А потом она снова сидела со мной. Возможно, гипнотизер сам стремился испытать судьбу. Преследуемый его взглядом, я положил руку на спинку стула моей соседки. Нестерпимо захотелось шепнуть ей нечто теплое и ласковое, кажется, я даже что-то сказал, забыв обо всем на свете и унесенный потоком чувств, но тут слуха моего коснулись слова и будто кто-то помимо моей воли резко повернул мою голову в сторону говорившего: «Караульный переулок…»
— Как вы сказали? — почти испуганно спросил я.

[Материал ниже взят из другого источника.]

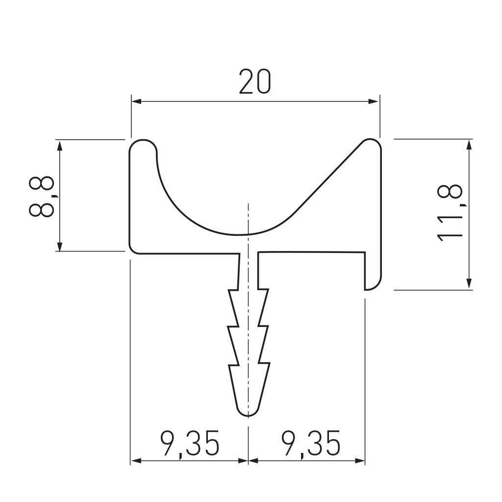 UKW - Profil U - Úchytka narážacia 3,5 m dĺžka - UKW-4 - Biela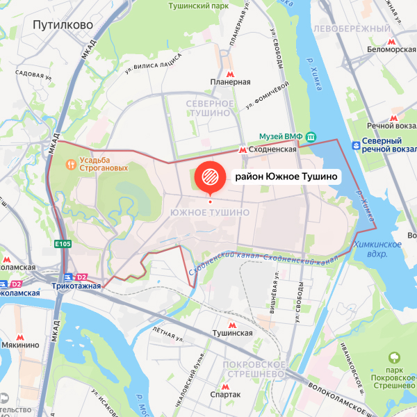 Южное Тушино входит в состав Северо-Западного административного округа Москвы. Сантехники выезжают по улицам Свободы, Яна Райниса, Туристская, Вилиса Лациса, а также в дома, расположенные рядом с метро «Сходненская» и «Планерная».

— Мы жили в Караульном переулке, — ответила дочь умершей, обращаясь при этом не ко мне, а к гипнотизеру, будто не я, а он задал вопрос.
— Так это же рядом с нашим старым домом, — сказал я. — Там еще на углу керосиновая лавка.
— Да? — тут она повернулась ко мне, будто впервые меня видела. Глаза у нее были усталые, но спокойные, в них отражался свет изумрудных серег; ее мать болела давно и неизлечимо, как я помню, уже год была прикована к постели, лечилась сама, мучала окружающих, и ее уход из жизни воспринимался дочерью как нечто неотвратимое; а что до моей соседки, внучки покойницы…
— Вы жили на Старой Почтовой?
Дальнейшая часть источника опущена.